The present invention is based on an apparatus for subjecting a surface of a substrate to successive surface reactions of at least a first precursor and a second precursor, the apparatus comprising a gas manifold for supplying precursor materials to the surface of the substrate. The gas manifold comprises at least one precursor feeding channel for supplying precursor to the surface of the substrate and at least one discharge channel for discharging precursor from the surface of the substrate. The apparatus further comprises a substrate holder for holding said substrate; the substrate holder is movable in a vertical direction for moving the substrate between a process position and a loading position. The gas manifold comprises a fixed part and between said fixed part and the substrate holder at least one removable part. In other words part of the gas manifold forms a fixed part and at least one separate removable part is arranged between the fixed part of the gas manifold and the substrate holder. In the invention, the gas manifold further comprises a gas distributor comprising a supply passage for supplying precursor from the precursor feeding channel to the surface of the substrate and a discharge passage for discharging precursor from the surface of the substrate to the discharge nozzle. The gas distributor is arranged as a removable part, or at least one of the removable parts.

In an embodiment of the invention the fixed part comprises a fixed cover plate, at least one precursor feeding channel and the at least one discharge channel.

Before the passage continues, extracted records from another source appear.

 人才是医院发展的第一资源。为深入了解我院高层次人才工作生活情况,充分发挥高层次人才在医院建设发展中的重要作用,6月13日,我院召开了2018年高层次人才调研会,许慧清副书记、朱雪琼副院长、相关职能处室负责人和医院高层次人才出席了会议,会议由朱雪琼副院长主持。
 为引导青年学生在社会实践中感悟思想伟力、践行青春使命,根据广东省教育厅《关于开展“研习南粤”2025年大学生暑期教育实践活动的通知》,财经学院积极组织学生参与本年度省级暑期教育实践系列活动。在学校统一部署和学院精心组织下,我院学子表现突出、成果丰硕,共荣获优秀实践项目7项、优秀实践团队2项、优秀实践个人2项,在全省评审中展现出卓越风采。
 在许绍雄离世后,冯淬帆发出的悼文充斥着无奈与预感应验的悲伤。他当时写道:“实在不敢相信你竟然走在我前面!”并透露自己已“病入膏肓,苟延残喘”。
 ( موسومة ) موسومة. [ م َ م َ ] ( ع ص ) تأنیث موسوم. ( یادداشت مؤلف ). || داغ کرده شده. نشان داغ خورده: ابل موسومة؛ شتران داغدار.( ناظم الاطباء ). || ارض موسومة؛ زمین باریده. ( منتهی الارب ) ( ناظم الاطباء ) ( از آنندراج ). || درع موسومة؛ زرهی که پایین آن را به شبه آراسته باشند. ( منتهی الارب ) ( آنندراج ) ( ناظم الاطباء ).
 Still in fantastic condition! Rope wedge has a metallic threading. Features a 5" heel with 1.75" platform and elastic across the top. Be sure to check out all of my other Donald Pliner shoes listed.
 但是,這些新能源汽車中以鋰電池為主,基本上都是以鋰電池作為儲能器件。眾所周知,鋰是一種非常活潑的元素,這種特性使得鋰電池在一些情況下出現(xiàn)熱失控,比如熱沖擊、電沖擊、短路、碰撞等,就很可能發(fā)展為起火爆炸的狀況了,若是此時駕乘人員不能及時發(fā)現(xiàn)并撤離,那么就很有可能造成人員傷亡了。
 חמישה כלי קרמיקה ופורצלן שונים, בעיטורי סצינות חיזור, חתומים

The gas manifold and a bottom part form a reaction chamber having a reaction space in which the substrate is processed. Walls of the gas manifold defining the reaction space form an output face through which precursors are supplied into and discharged from the reaction space. The bottom part can be formed for example by the substrate and/or a frame structure holding a mask and/or any other suitable part closing the reaction space. Therefore the reaction space is formed between the output face and the bottom part. Precursors are supplied from the precursor feeding channel through the output face to the reaction space and toward the substrate and discharged from the reaction space through the output face to the discharge channel. The output face of the gas manifold defines the reaction chamber together with the bottom part. The apparatus further comprises at least one lifter for moving the removable part of the gas manifold in a vertical direction. In other words the lifter is movable in the vertical direction. In one embodiment of the invention the lifter is the substrate holder, which means that the substrate holder and the lifter for moving the removable part of the gas manifold in a vertical direction is the same part. In another embodiment of the invention the lifter is a separate part from the substrate holder.

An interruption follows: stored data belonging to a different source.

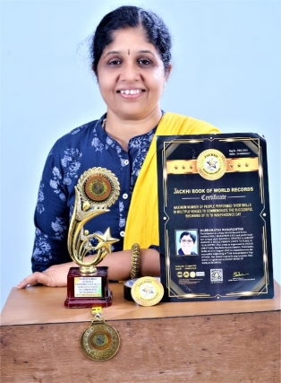 ತಮಿಳುನಾಡಿನ Mayiladuthurai ಜಿಲ್ಲೆಯಲ್ಲಿ ಜಾಕಿಬುಕ್ ಆಫ್ ವರ್ಲ್ಡ್ ರೆಕಾರ್ಡ್ ಸಂಸ್ಥೆಯವರು(ಜಾಕಿ ಕ್ರಿಯೇಶನ್ಸ್) ಆಯೋಜಿಸಿದ ಭಾರತದ 75ನೇ ಸ್ವಾತಂತ್ರ್ಯ ಅಮೃತ ಮಹೋತ್ಸವದ ಅಂಗವಾಗಿ 76 ನಿಮಿಷಗಳಲ್ಲಿ 76 ಭಾರತದ ರಾಷ್ಟ್ರಧ್ವಜಗಳನ್ನು ರಂಗೋಲಿಯಲ್ಲಿ ಬಿಡಿಸುವ ದಾಖಲೆಯಲ್ಲಿ ರಂಗೋಲಿ ಕಲಾವಿದ ಡಾ.ಭಾರತಿ ಮರವಂತೆಯವರು ಸಂಪೂರ್ಣ ಯಶಸ್ವಿಯಾಗಿದ್ದಾರೆ.
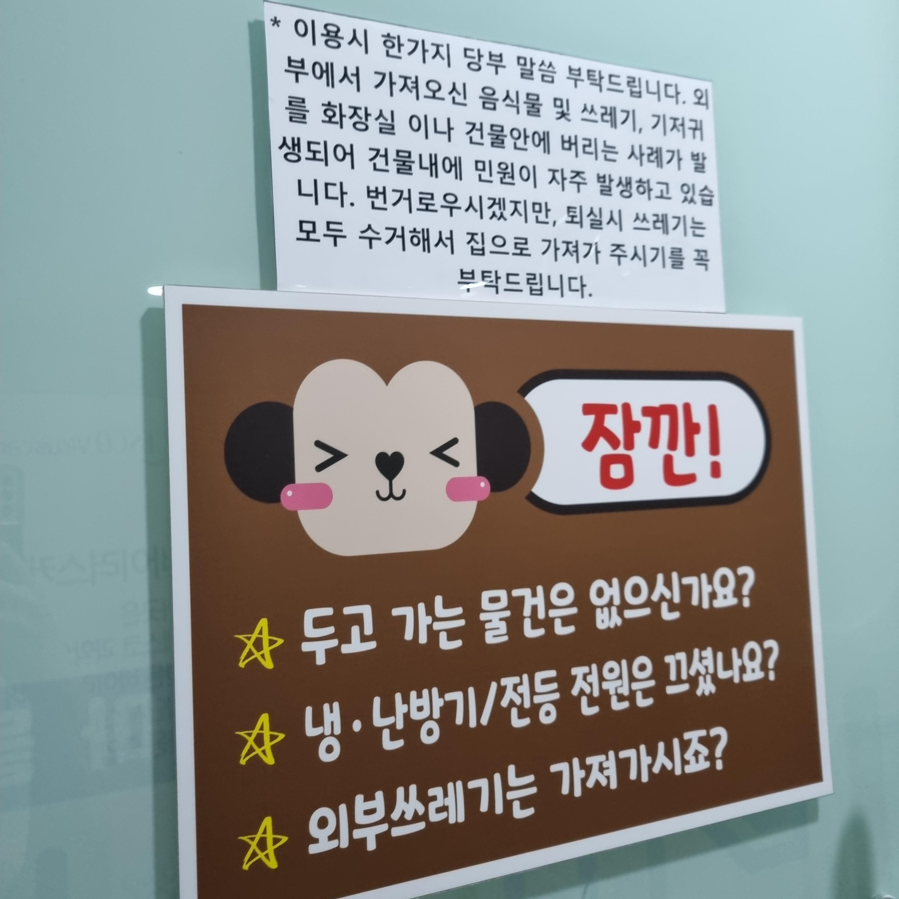 무인키즈카페의 특성에 맞게 안내문이 있었습니다. 냉난방기 전원은 직접 끄고, 전등도 소등해야 합니다. 엄마들 커피와 아이들 주전부리를 들고 왔는데 외부 쓰레기니까 챙겨서 나와야 한답니다. 사장님이나 직원이 지키고 있지 않은 매장인만큼 자유로워서 좋습니다. 그리고 그만큼 뒷정리는 잘하고 나오는 것이 맞는 것 같습니다. 다음에도 기회가 있다면 또 가고 싶답니다.
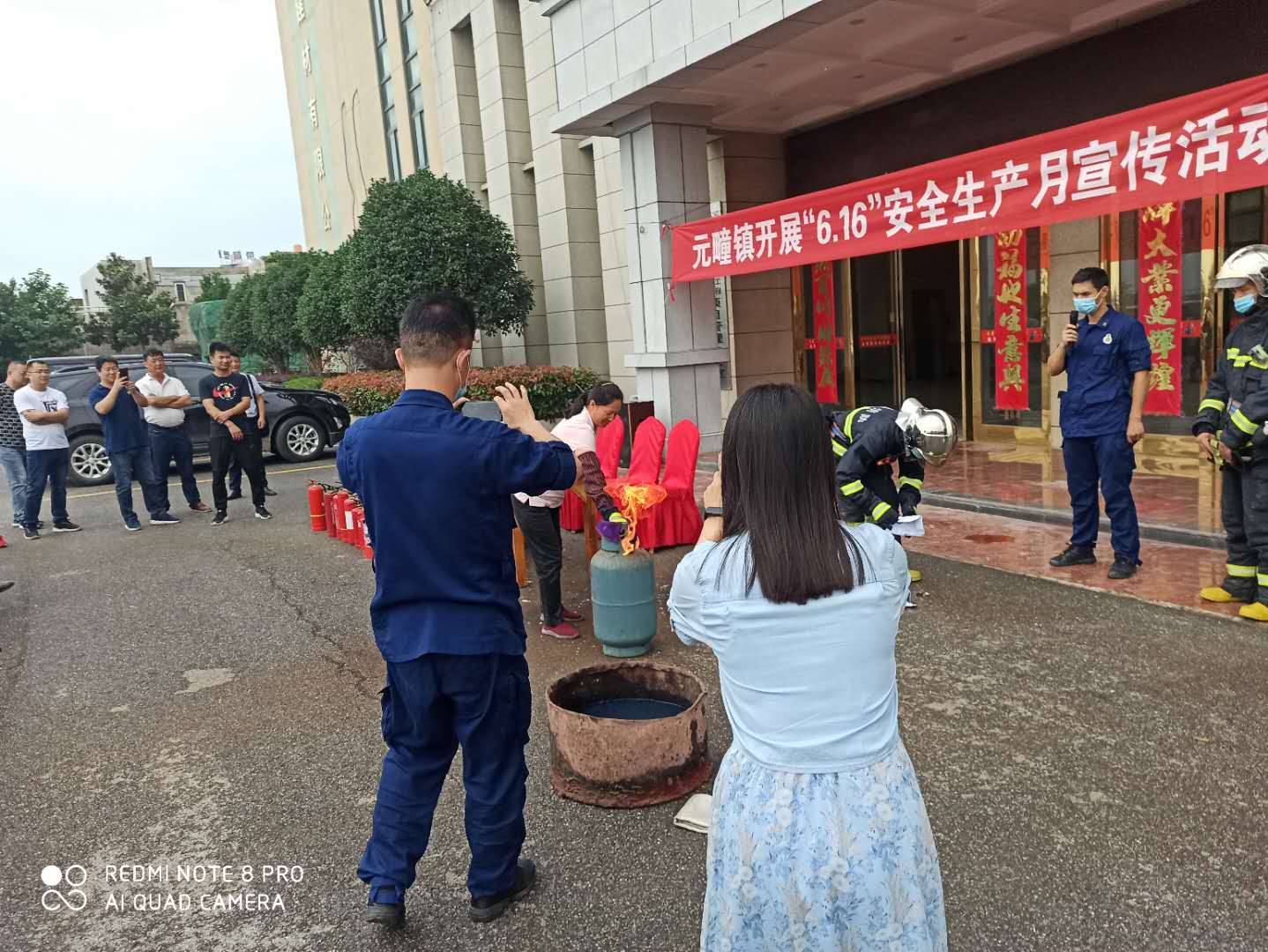 我公司员工陈才君,在消防警员的指导下,针对燃烧中的煤气瓶采取紧急救护措施,右边我公司员工陈银红在观摩。

The apparatus further comprises a mask for defining a coating area on the substrate, said mask forming at least part of the separate removable part. In an embodiment of the invention the gas manifold preferably comprises a mask for defining one or more coating areas on the substrate, said mask forming at least part of the removable part of the gas manifold. Said mask can be moved in a vertical direction with the lifter the lifter being either the same as the substrate holder or a separate lifter. When the substrate holder moves both the substrate and the mask the apparatus may comprise a supporting structure which separates the mask from the substrate after they have first moved together a distance such that the mask and the substrate can be removed from the apparatus separately.

In one embodiment of the invention the apparatus is provided with lifter for the substrate for loading or removal of the substrate and same type of lifter for the mask or other removable part of the apparatus. With the lifter the mask can be pressed against the bottom part of the reaction chamber during the ALD process and when it is time for changing or cleaning the mask it is vertically moved with the lifter and removed from the apparatus the same way as the substrate is removed after coating.

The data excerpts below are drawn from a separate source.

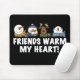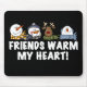 Three snowmen and a reindeer adorn these cute holiday stickers, magnets, greeting cards, T-shirts, and other items and text reads "Friends Warm My Heart!". These holiday T-shirts and other items are perfect for the entire winter, not just for Christmas!
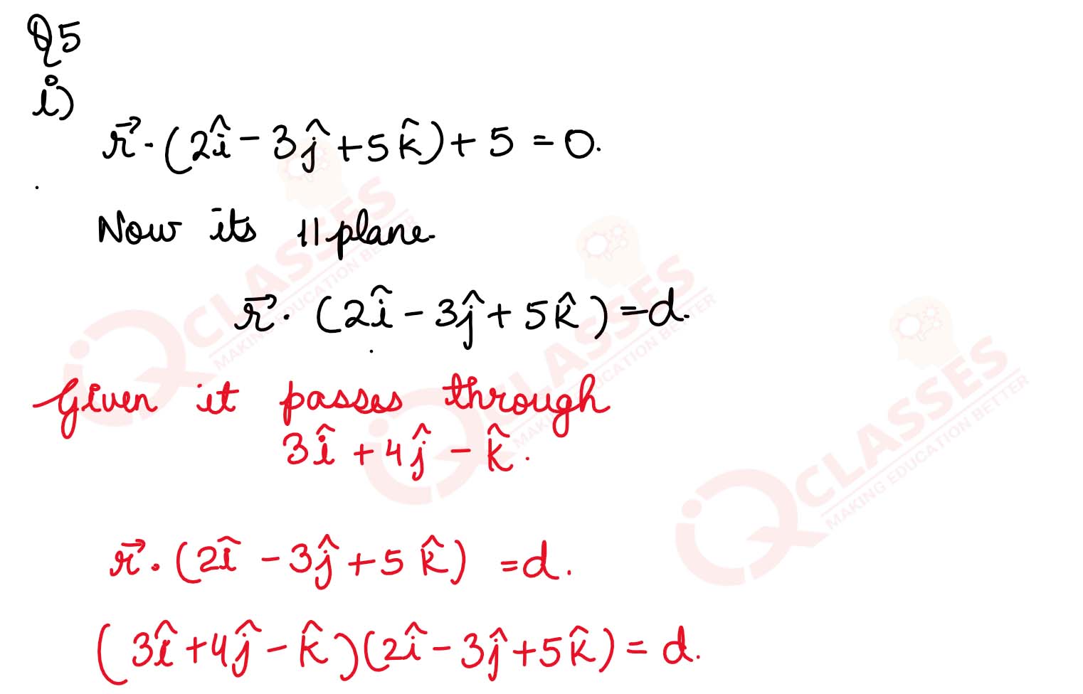(i) Find the equation of the plane through the point 3i^ + 4j^ -k^ and parallel to the plane r→(2i^-3j^ +5k^) +5=0.
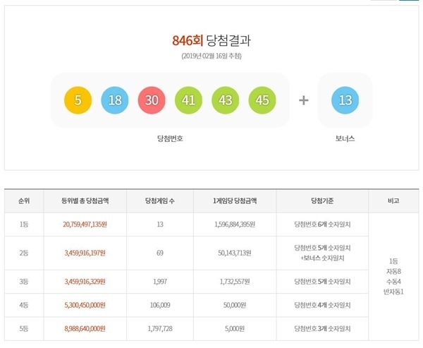 이날 알려진 로또 846회 당첨번호는 '5, 18, 30, 41, 43, 45'로 전해졌다.
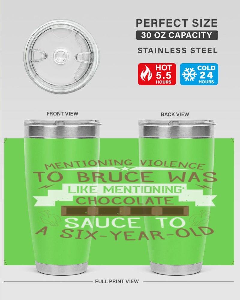 mentioning violence to bruce was like mentioning chocolate sauce to a sixyearold 23#- chocolate- Tumbler
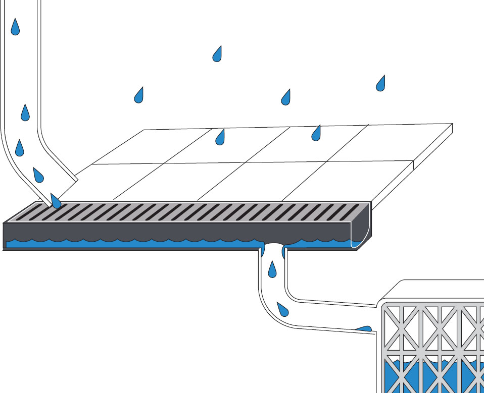 Här använder vi två 1 meter långa element som är lätta att klicka ihop och sedan behöver du bara ta bort en barriär mellan de två delarna för att vattnet ska rinna fritt.
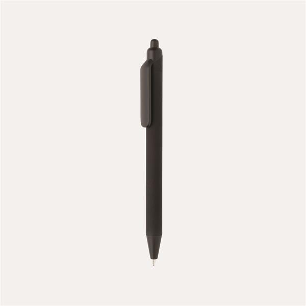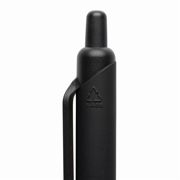 Długopis Tide RABS, wykonany w 91% z recyklingowanego ABS z certyfikatem GRS, gumowany uchwyt zapewniający wygodne pisanie, matowe wykończenie przycisku, klipsa i końcówki, niebieski wkład piszący do 1200 m, mechanizm przyciskowy.
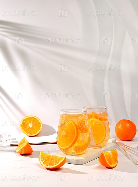 Апельсиновый сок и апельсины на элегантном кухонном столе с длинными жесткими тенями. Современный натюрморт с цитрусовыми, концепция минимальной детокс-диеты, летние витаминные напитки, селективный фокус,
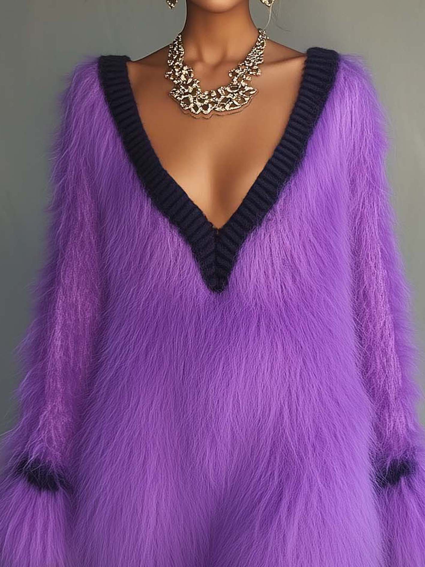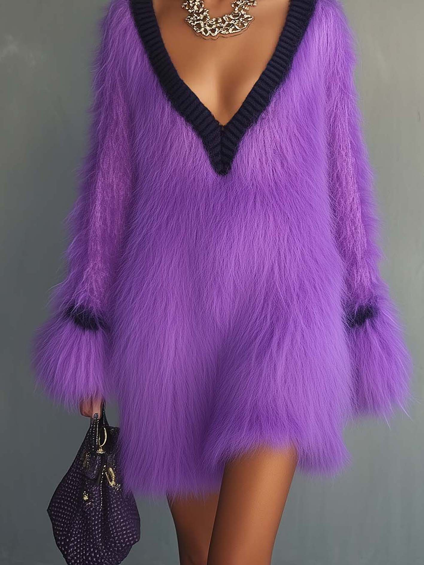 This fuzzy purple knit mini dress makes a dramatic fashion statement with its bold color and textured finish. The deep V-neck outlined in black trim adds sleek definition against the voluminous silhouette, while the fuzzy knit creates a playful yet glamorous aesthetic. It’s a daring piece that commands attention and blends cozy fabric with evening-ready appeal.

The lifter may be a plurality of positioning pins or some other movable means that can hold the removable parts of the apparatus. Each removable part of the apparatus may have its own lifter or they may have a lifter in common.

The removable part in the context of this application means that the part is removable without disassembling the apparatus. The part is removable during normal operation condition of the apparatus e.g. for a cleaning purpose or for other maintenance of the part. The removable part is removed from the apparatus without disassembling the apparatus. The removable part is different than a detachable part which is removed by using tools when disassembling the apparatus. A substrate is not part of the apparatus and is not considered as a removable part. The removable part is preferably removable during the loading position of the apparatus and not in the process position of the apparatus.

An advantage of the apparatus of the invention is that the vacuum conditions of the apparatus can still be maintained while the parts of the apparatus that need to be cleaned can be taken outside the apparatus for cleaning.

BRIEF DESCRIPTION OF THE DRAWINGS

In the following the invention will be described in greater detail by means of preferred embodiments with reference to the attached drawings, in which

Figure 1 shows one embodiment of the apparatus according to the invention;

Figure 2 shows another embodiment of the apparatus according to the invention;

Figure 3 shows yet another embodiment of the apparatus according to the invention;

Figure 4 shows yet another embodiment of the apparatus according to the invention; and

Figure 5 shows yet another embodiment of the apparatus according to the invention.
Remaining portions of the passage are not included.